Beyond the Twitter like Bluesky, anyone can develop any social application on the same protocol and infrastructure. It is easy to define custom record types to build other social applications.
The best part is that you, as a user, have a single sqlite database hosting your data for all the apps on ATProto, making it a simple matter to move data hosts or switch your primary application without losing your following.
Fundamentally, the protocol means we can have real competition in the social media space.
In my opinion, the best years of "social networks" were the early 2000 till early 2010, before Facebook and the likes became globally popular. During these years we had forums and IRC channels. These were off-limit to "common" folks or people looking for engagement, and you could find quality material and interesting discussions over there.

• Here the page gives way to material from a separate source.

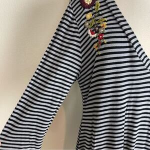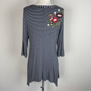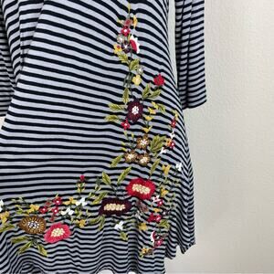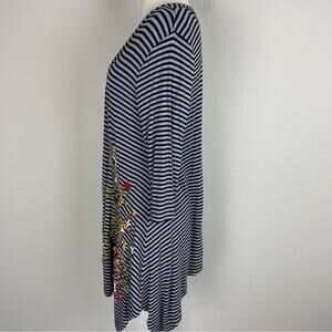 Soft Surroundings Black & Gray Stripe Knit Embroidered Tunic Medium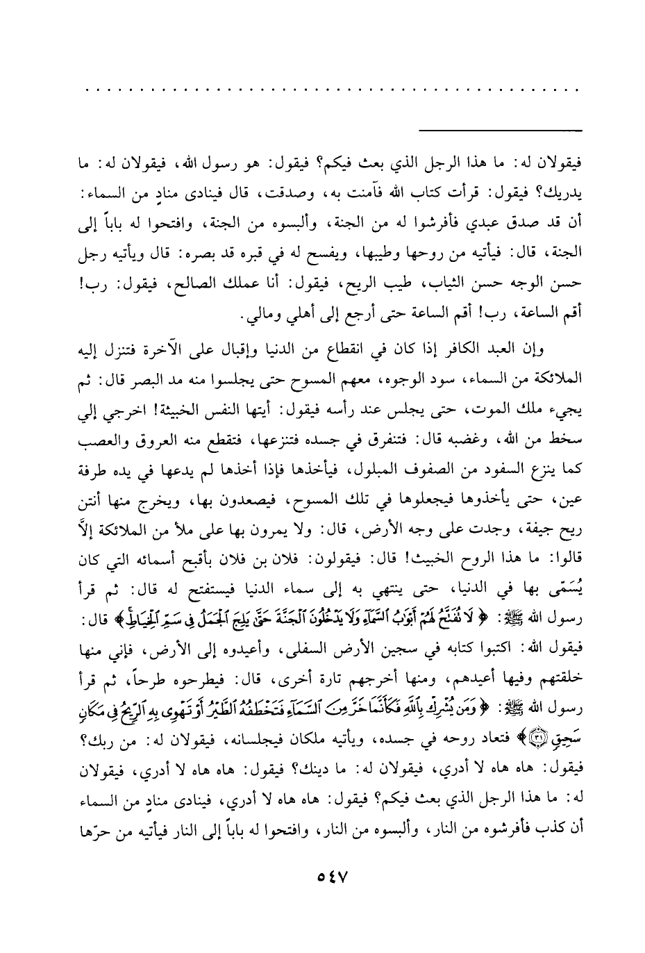 = فيقولان له: ما هذا الرجل الذي بعث فيكم؟ فيقول: هو رسول الله -صلى الله عليه وسلم-، فيقولان له: ما يدريك؟ فيقول: قرأت كتاب الله فآمنت به، وصدقت، قال فينادى منادٍ من السماء: أن قد صدق عبدي فأفرشوا له من الجنة، وألبسوه من الجنة، وافتحوا له بابًا إلى الجنة، قال: فيأتيه من روحها وطيبها، ويفسح له في قبره قد بصره: قال ويأتيه رجل حسن الوجه حسن الثياب، طيب الريح، فيقول: أنا عملك الصالح، فيقول: رب! أقم الساعة، رب! أقم الساعة حتى أرجح إلى أهلي ومالي. وإن العبد الكافر إذا كان في انقطاع من الدنيا وإقبال على الآخرة فتنزل إليه الملائكة من السماء، سود الوجوه، معهم المسوح حتى يجلسوا منه مد البصر قال: ثم يجيء ملك الموت، حتى يجلس عند رأسه فيقول: أيتها النفس الخبيثة! اخرجي إلى سخط من الله، وغضبه قال: فتنفرق في جسده فتنزعها، فتقطع منه العروق والعصب كما ينزع السفود من الصوف المبلول، فيأخذها فإذا أخذها لم يدعها في يده طرفة عين، حتى يأخذوها فيجعلوها في تلك المسوح، فيصعدون بها، ويخرج منها أنتن ريح جيفة، وجدت على وجه الأرض، قال: ولا يمرون بها على ملأ من الملائكة إلَّا قالوا: ما هذا الروح الخبيث! قال: فيقولون: فلان بن فلان بأقبح أسمائه التي كان يُسَمّى بها في الدنيا، حتى ينتهي به إلى سماء الدنيا فيستفتح له قال: ثُمَّ قَرَأَ رَسُولُ اللَّهِ -صَلَّى اللَّهُ عَلَيْهِ وَسَلَّمَ-: {لَا تُفَتَّحُ لَهُمْ أَبْوَابُ السَّمَاءِ وَلَا يَدْخُلُونَ الْجَنَّةَ حَتَّى يَلِجَ الْجَمَلُ فِي سَمِّ الْخِيَاطِ} قال: فيقول الله: اكتبوا كتابه في سجين الأرض السفلى، وأعيدوه إلى الأرض، فإني منها خلقتهم وفيها أعيدهم، ومنها أخرجهم تارة أخرى، قال: فيطرحوه طرحًا، ثُمَّ قَرَأَ رَسُولُ اللَّهِ -صَلَّى اللَّهُ عَلَيْهِ وَسَلَّمَ-: {وَمَنْ يُشْرِكْ بِاللَّهِ فَكَأَنَّمَا خَرَّ مِنَ السَّمَاءِ فَتَخْطَفُهُ الطَّيْرُ أَوْ تَهْوِي بِهِ الرِّيحُ فِي مَكَانٍ سَحِيقٍ (31)} فتعاد روحه في جسده، ويأتيه ملكان فيجلسانه، فيقولان له: من ربك؟ فيقول: هاه هاه لا أدري، فيقولان له: ما دينك؟ فيقول: هاه هاه لا أدري، فيقولان له: ما هذا الرجل الذي بعث فيكم؟ فيقول: هاه هاه لا أدري، فينادى منادِ من السماء أن كذب فافرشوه من النار، وألبسوه من النار، وافتحوا له بابًا إلى النار فيأتيه من حرِّها

Then the modern social media came, and it ruined everything. Short form content and engagement motivation (like Twitter ad revenue share, where they pay you for "popular" tweets), ruined the place for everyone. You can't have a meaningful discussion with 200, or whatever the limit is, characters. Most people on these platforms try to "game" the algorithm in order to publish a viral tweet. There is zero to no moderation, and in one "scrolling" session you can see a lazy motivational quote, a selfie, an MRR screenshot, a life lesson, and far right/left propaganda, which is kinda insane.
On top of all that, the entire "follow" mechanism is flawed. It creates small echo chambers around big accounts. Take a popular account, find a tweet you disagree with, and look at the comments--it will be filled with "yes men" and people looking for engagement. On forums you could read different opinions in the same discussion, thus widening your world view, rather than narrowing it.
Forums also had moderation, and users had "reputation", even though they were anonymous. I joined bluesky recently, out of curiosity and hype, and it's filled with "Hello this is my first post", pictures of peoples workstations, anime, politics (US based, which I don't care about), etc. It's just too much noise to navigate with little to no value.
The entire modern social media system is broken. We don't need something more popular than Twitter, we need something completely different that will bring value back into online discussions, but I guess it's unachievable. Look at HN, which I consider to be the top 1 "social" platform for myself, yet it's unknown outside the tech/science community. Everything too big is doomed to become average at best.
Edit for response since I'm rate limited:
Twitter didn't make a profit - it would have been overpriced at just $10 billion dollars. The value comes from having a captive userbase where the majority is entirely unwilling to use an alternative. Depending on how hard you intend to manipulate those users, the ROI may or may not be worth it.